What the task asks — I need the lines from the one holding "In the AEO, however, EIA" to the last line of the data below repeated exactly, both included, without pictures.
---+---
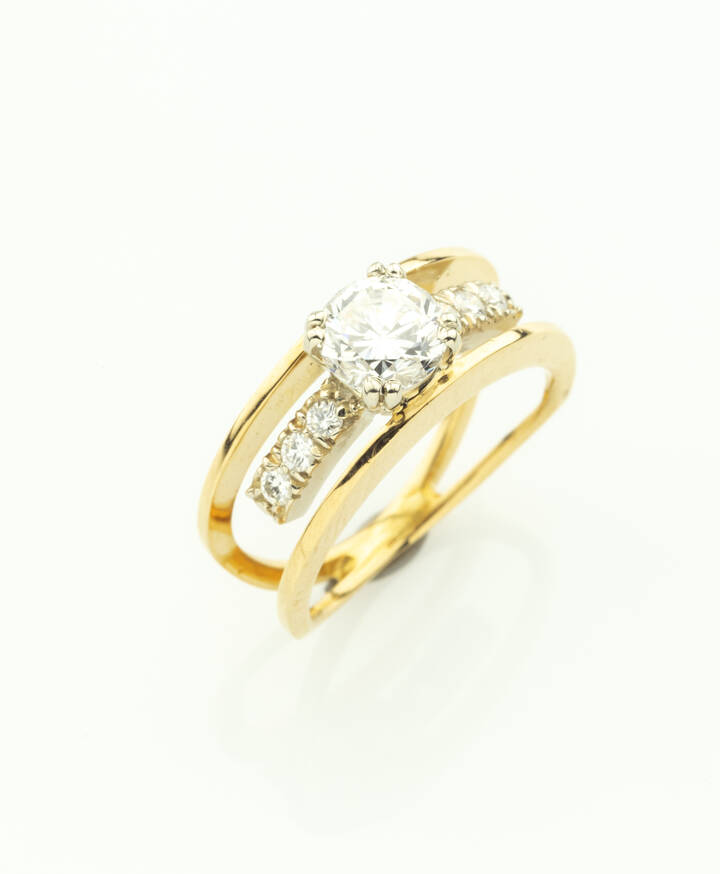 Anello in oro giallo, al centro diamante solitario taglio brillante di ct 0,78 ca, probabile colore H purezza VS2, ai lati diamanti taglio brillante per totali ct 0,12 ca.
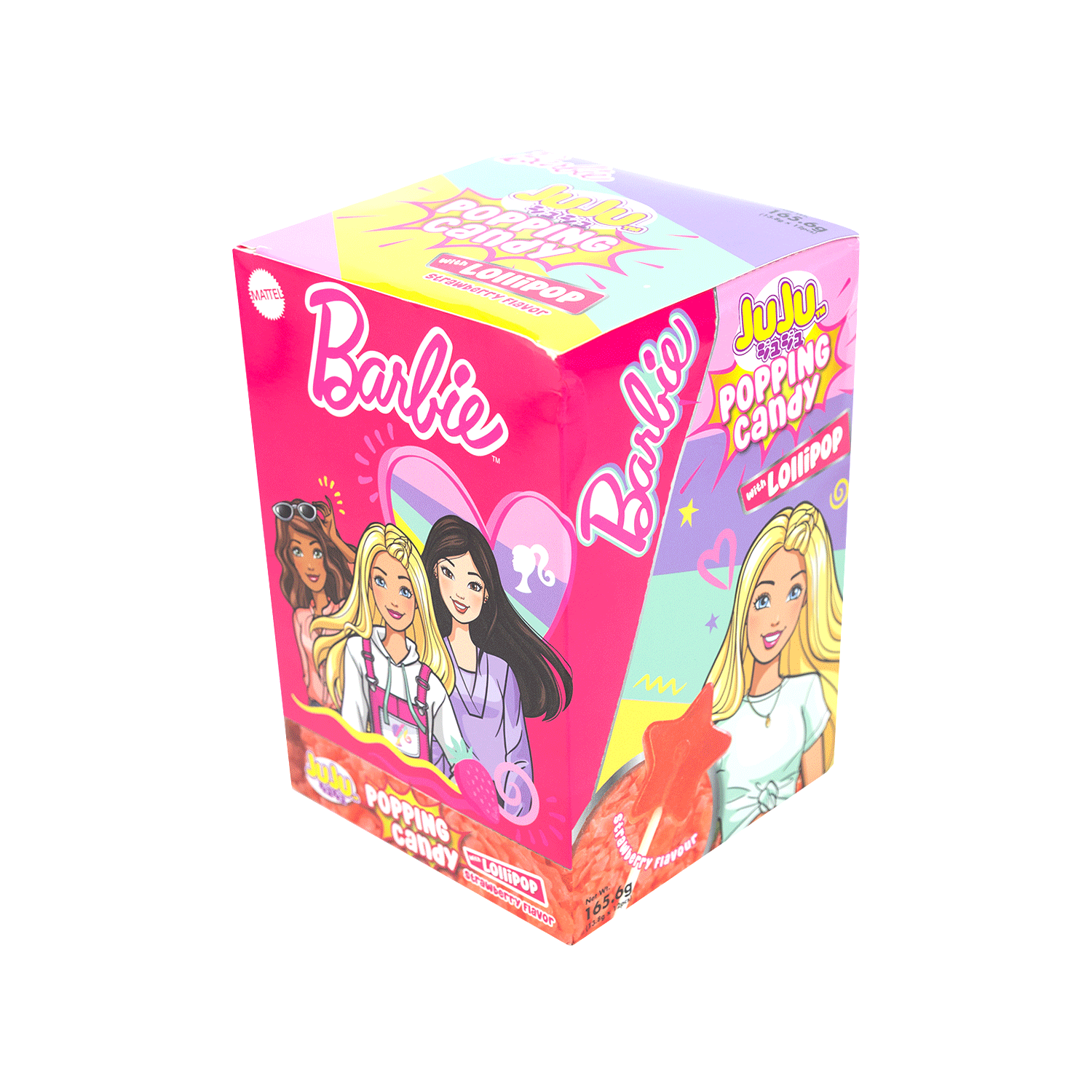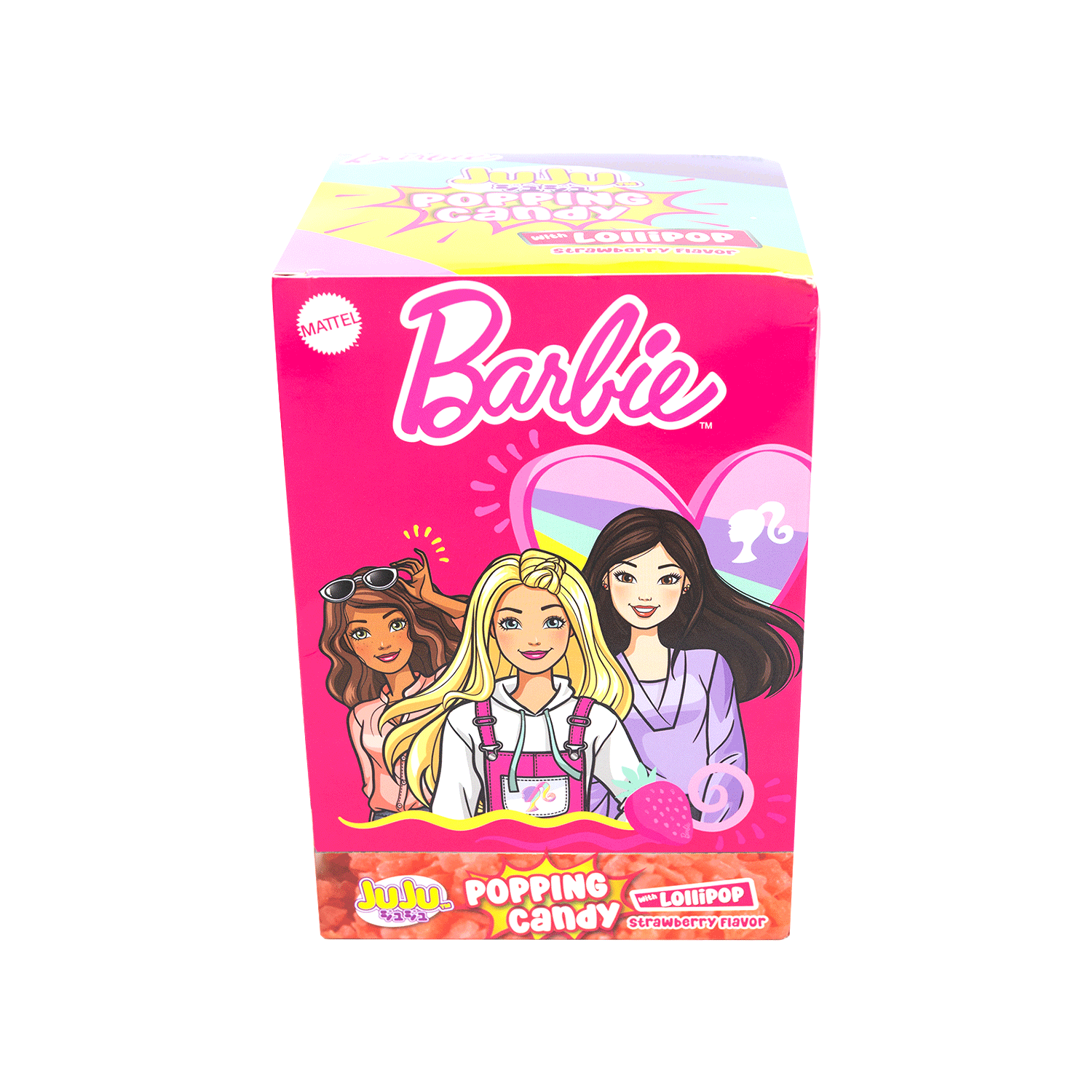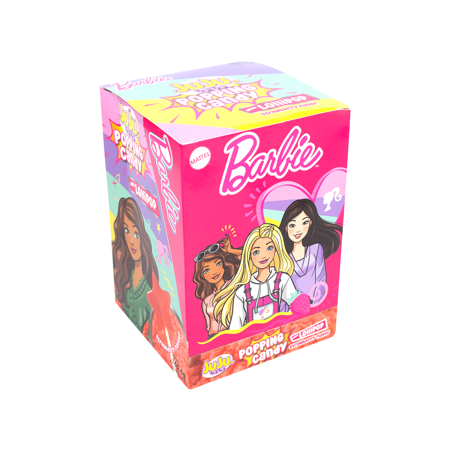 Each tray contains 12 packs of Juju Barbie Popping Candy Strawberry with Lollipop 13.8g.
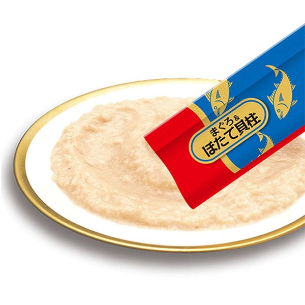 まぐろ、ほたてエキス、ほたて貝柱、糖類(オリゴ糖等)、植物性油脂、増粘剤(加工でん粉)、増粘多糖類、ミネラル類、調味料(アミノ酸等)、ビタミンE、緑茶エキス、紅麹色素
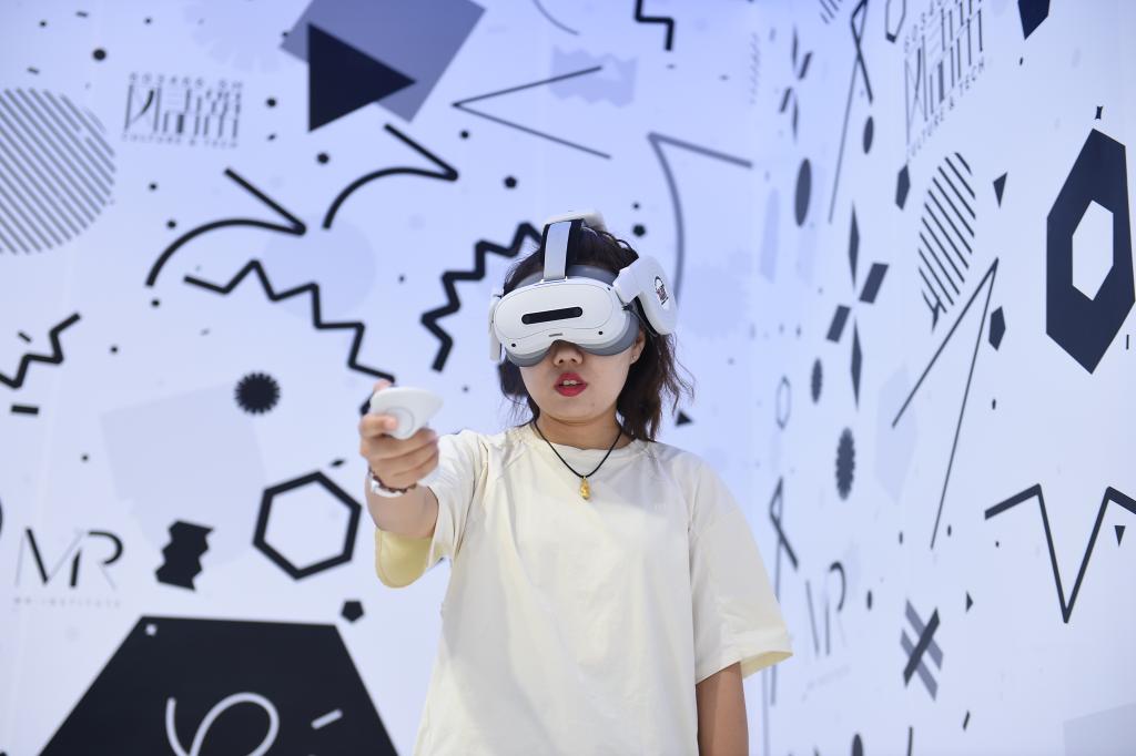 9月11日,參展者在文旅服務專題展區海淀展廳體驗沉浸式VR大空間項目。
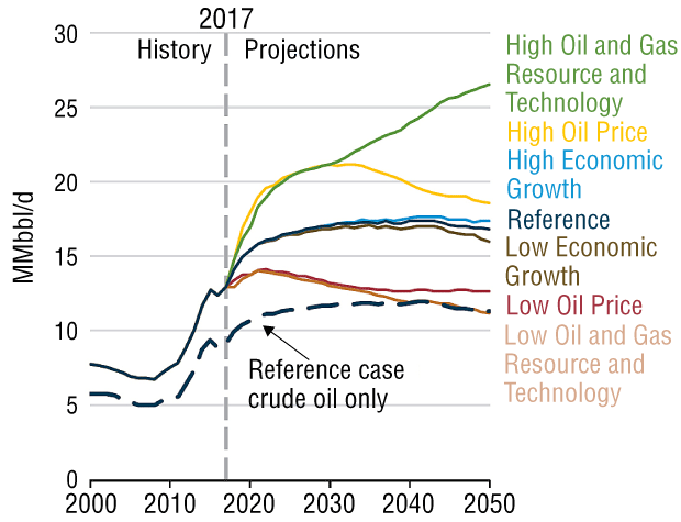 In the AEO, however, EIA says it sees post-2019 domestic production leveling off and then remaining relatively flat over the longer term. “Lower-48 onshore tight oil development continues to be the main driver of total U.S. crude oil production, accounting for about 65 percent of cumulative domestic production in the reference case over the projection period to 2050,” the AEO states. “Reference-case U.S. crude oil production levels off between 11.0 million and 12.0 million barrels a day as tight oil development moves into less productive areas and as well productivity declines.”
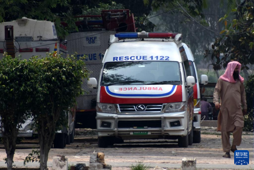 5月7日,救護車停在巴基斯坦東部旁遮普省謝赫布拉地區穆里德蓋鎮遭印度導彈破壞的建筑附近。新華社發(薩賈德攝)
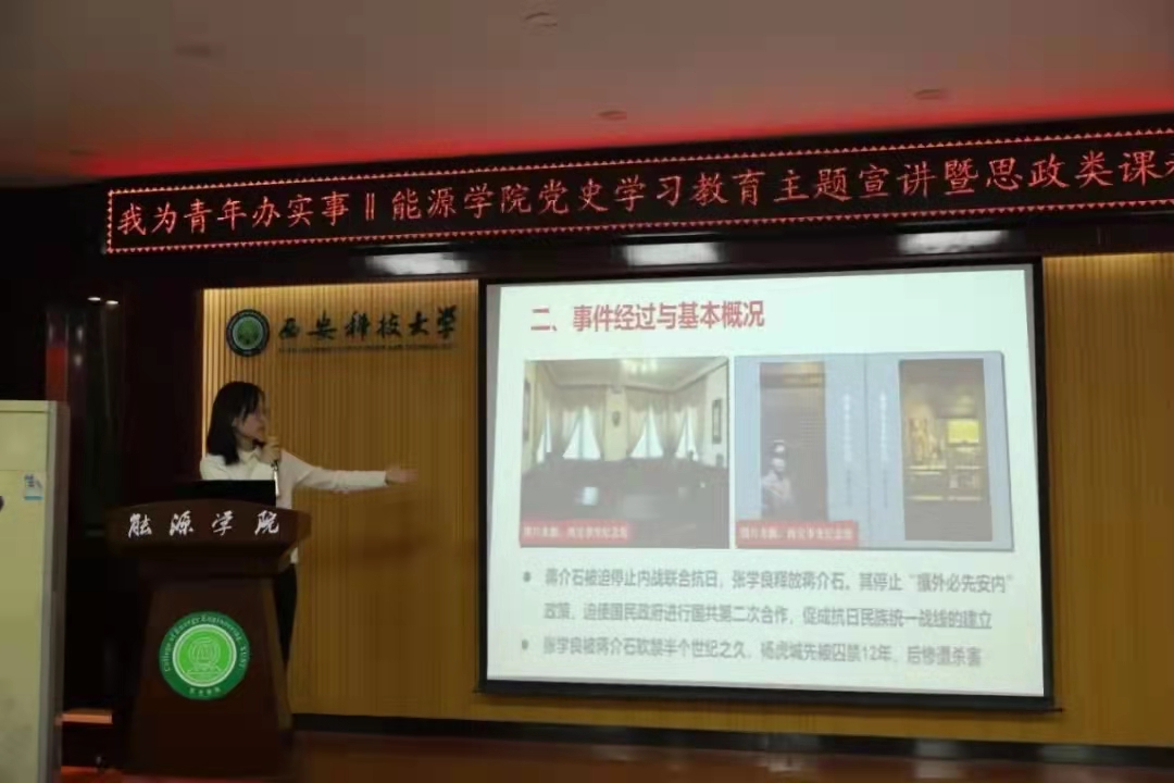 权颖庆以“西安事变”为题,讲述了西安事变发生的背景、经过及影响,展现了中国共产党深刻把握历史发展规律和大势、以民族大义为重的博大胸襟,倡导青年学生将爱国热情转化为爱国实践,始终保持昂扬向上的精神状态,努力学习、矢志不渝、敢于担当,报效祖国。
---+---
Exercise response —
 In the AEO, however, EIA says it sees post-2019 domestic production leveling off and then remaining relatively flat over the longer term. “Lower-48 onshore tight oil development continues to be the main driver of total U.S. crude oil production, accounting for about 65 percent of cumulative domestic production in the reference case over the projection period to 2050,” the AEO states. “Reference-case U.S. crude oil production levels off between 11.0 million and 12.0 million barrels a day as tight oil development moves into less productive areas and as well productivity declines.”
 5月7日,救護車停在巴基斯坦東部旁遮普省謝赫布拉地區穆里德蓋鎮遭印度導彈破壞的建筑附近。新華社發(薩賈德攝)
 权颖庆以“西安事变”为题,讲述了西安事变发生的背景、经过及影响,展现了中国共产党深刻把握历史发展规律和大势、以民族大义为重的博大胸襟,倡导青年学生将爱国热情转化为爱国实践,始终保持昂扬向上的精神状态,努力学习、矢志不渝、敢于担当,报效祖国。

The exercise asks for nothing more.